А откуда-то из-за угла уже бежит запыхавшийся Горелов, уже тащит, заботливо прижимая к груди, вторую бутыль – в ней тяжело булькает, обильно пузырясь от тряски, что-то тягучее, серое, с оранжевым отливом.
– Вот! – по-собачьи дыша открытым ртом, ставит ношу на ступени крыльца. – Из морошки, свеженькое.

Игнатов, пошатываясь, наклоняется, роняет пустую бутыль, поднимает полную и, чудом не запнувшись о порог, уходит в дом.

– …Моя магистерская диссертация – еще в девятьсот шестом, в Мюнхене, – была посвящена теории питания злаковых. Я рассматривал свой труд скорее как теоретический, имеющий стратегическое, нежели конкретное практическое значение. Мог ли я тогда подумать, что мне придется самому выращивать эту самую пшеницу? – Константин Арнольдович трясет бурой лепешкой, зажатой в сухонькую лапку с обломанными ногтями. – Более того – есть приготовленный из нее хлеб?

Вокруг – быстрый мерный стук металлических ложек: поселенцы ужинают, сидя за длинными деревянными столами, за годы натертыми их локтями и ладонями до приятной, почти домашней гладкости. Две сотни ртов торопливо жуют, не теряя времени на лишние слова. Столовую расширили несколько лет назад – пристроили второй сруб, длиннее и шире первого, но четыреста голов все равно не помещались – семрукцы ели теперь в две смены, поочередно.

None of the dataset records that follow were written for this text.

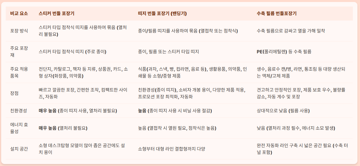 혹시 포장하려는 제품의 종류나 예상 생산량과 같은 구체적인 정보를 알려주시면, 더 적합한 번들포장기의 종류나 특징에 대해 추가적인 정보를 제공해 드릴 수 있습니다.
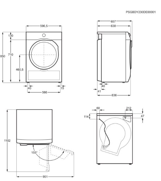 - Maße H / B / T in mm.: 850 / 596 / 657
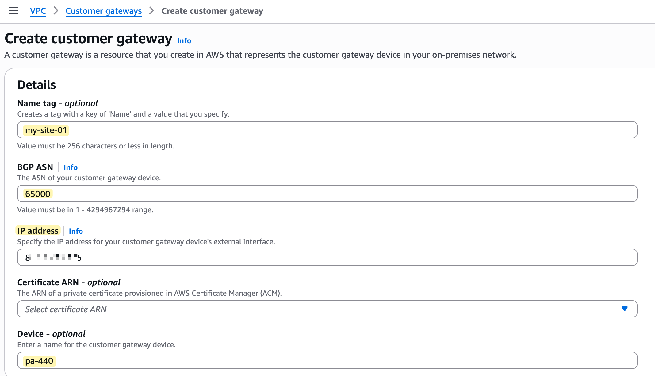 Creating the Customer Gateway
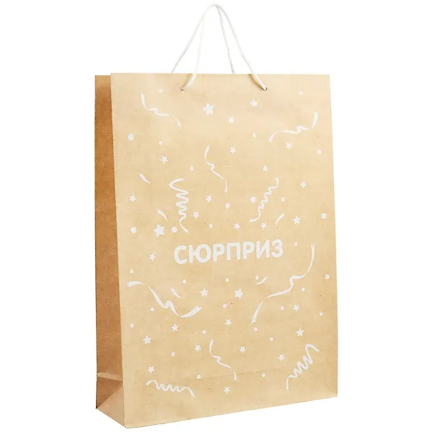 Отличный подарочный пакет: крафтовый, достаточно плотный и прочный, а также вместительный. Понравились простой рисунок и надпись - пакет в таком лаконичном дизайн просто деально подходит для упаковки подарка человеку любого пола и возраста, а также подходит для любого мероприятия. Порадовало качество ручек: хорошо зафиксированы, не выпали/вытянулись из отверстий. Осталась довольна покупкой, а именинник - оформлением подарка, ну и конечно же содержимым пакета. Однозначно рекомендую!
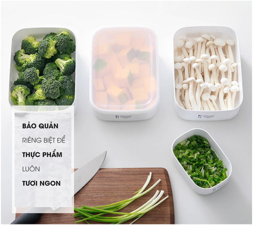 - Hộp bảo quản được làm bằng nhựa cao cấp Tritan trong suốt không chứa BPA - Gia tăng tuổi thọ thực phẩm tươi sống, thực phẩm chín lên tới gần 4 lần - Tích

Стол для охраны, просторный, раз в неделю застилаемый чистой клетчатой скатертью, остался на прежнем месте, недалеко от раздачи. Здесь едят не торопясь, с чувством, наслаждаясь простым, но весьма достойным вкусом подаваемой пищи. Тут же, на краю, не занимая много места и готовый вскочить по первому зову, хлебает баланду Горелов. Никто из охранников не помнит, когда и по чьему разрешению он стал есть с ними, но его не гнали, терпели: раз сидит – значит, есть на то причина.

– И вы считаете все это, – Иконников ведет вокруг стертой, будто обкусанной с боков, железной ложкой с винтом закрученной ручкой, – разумной платой за возможность, как вы выражаетесь, выращивать пшеницу?
Он зло отхлебывает из миски. Жует, достает изо рта перепачканными в ультрамарине и кобальте пальцами тонкую кривую рыбью кость.

– Да нет же, речь совсем не о том! – Сумлинский ерзает на лавке, мнет в ладошке хлеб. – Ну вот вы, Илья Петрович, что по-настоящему важного создали на воле? Двадцать три усатых бюста?
– Двадцать четыре, – поправляет Изабелла, аккуратно наклоняя миску от себя и добирая ложкой остатки бурых листьев в мутном сером бульоне.
– И сваяли бы еще столько же! – Константин Арнольдович грозно стучит ладошкой об стол.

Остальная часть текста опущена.